In a typical cellular radio system, wireless terminal(s) communicates via a Radio Access Network (RAN) to one or more Core Networks (CN). The wireless terminal is also known as mobile station and/or User Equipment (UE), such as mobile telephones, cellular telephones, smart phones, tablet computers and laptops with wireless capability. The user equipment's may be, for example, portable, pocket-storable, hand-held, computer-comprised, or car-mounted mobile devices which communicate voice and/or data via the RAN.
The RAN covers a geographical area via cells, where each cell is being served by a base station, e.g., a Radio Base Station (RBS), which in some networks is also called NodeB, B node, evolved Node B (eNB) or Base Transceiver Station (BTS). The term base station will be used in the following when referring to any of the above examples. From a user equipment perspective the network is represented by a number of cells.
Various generations of mobile communication systems have evolved from the Global System for Mobile Communications (GSM). The Third Generation Partnership Project (3GPP) has undertaken to evolve further the earlier technologies. Currently for “New Radio” (NR), the name given for 5G technology to be standardized by 3GPP, is envisioning 3 main technical areas in which NR will be standardized: Enhanced Mobile Broadband (eMBB), Massive Machine Type Communication (mMTC), and URLLC (Ultra-Reliable and Low Latency Communications).
It has been discussed the use of Outer Erasure Codes for New Radio. The use cases therein envisioned for outer erasure codes were:                Outer erasure code for bursty puncturing/interference mitigation/recovery:                    To sustain eMBB spectrum efficiency and other QoS in the presence of URLLC bursty puncturing/interference            To combat WiFi-type bursty interference in unlicensed band            To enable efficient spectrum sharing between low latency high priority and normal latency low priority users in a shared spectrum access scenario            To sustain eMBB spectrum efficiency in the presence different types of bursty interference (either from future 5G waveforms and or in potential future deployment scenarios)                        Outer erasure code to decouple bursty interference/puncturing recovery process from regular physical (PHY) layer demod/decode and PHY layer HARQ processing:                    To support for pipeline processing and low latency decoding at PHY to enable single interlace HARQ (as oppose to deep interleaving, which introduces delay and buffering)            To recover lost code blocks due to bursty puncturing at MAC layer and decouple the code block (CB) erasure recover from PHY layer HARQ process                        Outer erasure code to mitigate bursty interference/puncturing with low uplink feedback and downlink signaling overhead:                    To reduce the amount of CB-level ack information feedback (only number of CB parities needed instead of CB Ack bitmap needs to be fed back)            To reduce DL control overhead for PHY HARQ process management                        Outer erasure code to reduced latency and buffering:                    Outer erasure code to enable fast PHY HARQ turn-around.            Outer erasure code across multiple carriers/multiple HARQ interlaces to reduce ARQ latency and buffering due to reordering.                        Outer erasure code over broadcast channel to combat bursty interference, time selective fading and shadowing.        

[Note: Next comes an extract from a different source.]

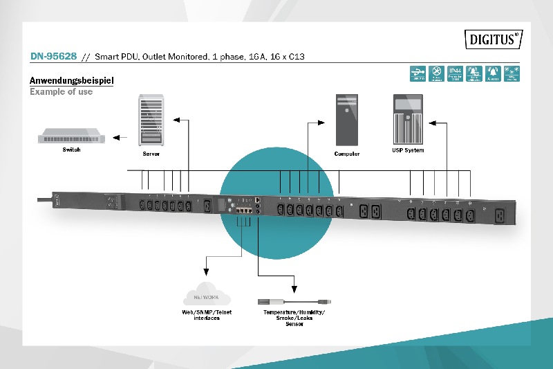 Optimální PDU řešení s možnostmi vzdáleného monitorování pro náročné IT požadavky Podporuje vzdálený přístup přes web, SNMP nebo Telnet Monitorování vstupních a výstupních hodnot Konfigurovatelný systém s uživatelem definovaným nastavením prahové hodnoty Daisy řetězení možné až pro 5 PDU 180 stupňový otočný místní HD displej Podporuje funkce alarmu Monitorování prostředí racku pomocí volitelných externích senzorů Inteligentní integrace do centrálního systému Podporuje instalaci bez použití nástrojů DIGITUS® Smart PDU vám nabízí možnost vzdáleného sledování proudu, napětí, celkové spotřeby energie, celkového výkonu a výkonu na vstupní úrovni, jakož i aktuální, napájecí a energetické spotřeby na výstupní úrovni. Limitní hodnotu lze nastavit pro celkový proud a alarm vás upozorní na potenciální přetížení systému. Je také povoleno sledování provozního stavu, stejně jako proudu, energie a výkonu na úrovni jističe. To umožňuje efektivní správu a distribuci energie. K zařízení lze přistupovat a konfigurovat je prostřednictvím webových, SNMP a Telnetových rozhraní. S možností připojení senzorů může jednotka obsahovat kompletní systém monitorování prostředí pro řízení teploty, kouře, vlhkosti a netěsností v regálech. Až pět napájecích proužků, které sdílejí stejné síťové připojení a IP adresu, lze připojit sériově. Kromě toho lze PDU snadno integrovat do regálů s možnostmi instalace bez nástrojů. Technické detaily Monitorování vstupního proudu / napětí / celkové spotřeby energie / celkový výkon / výkonový faktor Sledování výstupního proudu / celkové spotřeby energie / celkového výkonu Metoda vzdáleného přístupu: Webové rozhraní, HTTP, HTTPS, SNMP (v1 / v2c / v3), Telnet a sériová konzole Řetězení daisy až pěti PDU (včetně hlavního zařízení) Vícestupňový přístup uživatelů Kompatibilní se senzory teploty/vlhkosti/kouře/netěsnosti Uživatelsky definovaný alarm: E-mailové oznámení a poplašný signál při překročení prahových hodnot pro celkový proud, teplotu / vlhkost Standardní systémový alarm: Pokud je překročen celkový jmenovitý výkon; pokud je detekován kouř, voda nebo otevřené dveře Připojení RJ45 pro Ethernet a sériovou komunikaci USB Port pro přístup k WIFI nebo upgrade softwaru Síťový kabel: 3 x 2,5 mm2, IEC60309 16 Zástrčka Kabel: 3 m Max. zatížení: 4000 W / 250 V AC / 16 A (50/60 Hz) Zásuvky: zásuvka 16 x C13 Výstupní výkon: C13 (10A) 180 stupňový otočný HD displej Rozměry (LxWxD): 1730 x 66 x 52 mm Teplotní rozsah (provoz / skladování): 0 °C až +45 °C/ -20 °C až +70 °C Rozsah vlhkosti (provoz / skladování): 5% - 95% RH / 5 - 95% RH (nekodenzace) Maximální výška nad mořem (provoz / skladování): 0 - 3 000 m / 0 - 15 000 m Barva: Černá Typ ochrany: IP44 Obsah balíčku 1 x Smart PDU, zásuvka monitorovaná, 1fázová, 16 x C13, 3 m kabel IEC 60309 16 Zástrčka |

Candidates for fifth generation (5G) new RAT data transmission are identified as the following (It is RAN1 common understanding that combination of below codes is not precluded, and Outer erasure code is not precluded): Low-Density Parity-Check (LDPC) code, Polar code, Convolutional code (LTE and/or enhanced convolutional coding), and Turbo code (LTE and/or enhanced turbo coding).
Selection of 5G new RAT channel coding scheme(s) may consider: Performance, Implementation complexity, Latency (Decoding/Encoding), and Flexibility (e.g., variable code length, code rate, HARQ (as applicable for particular scenario(s))).
It has not been discussed how any form of signaling as to how to design signaling to use these codes.
What is needed, and an object and advantage of the technology disclosed herein, are improved apparatus, methods, and techniques for rateless codes.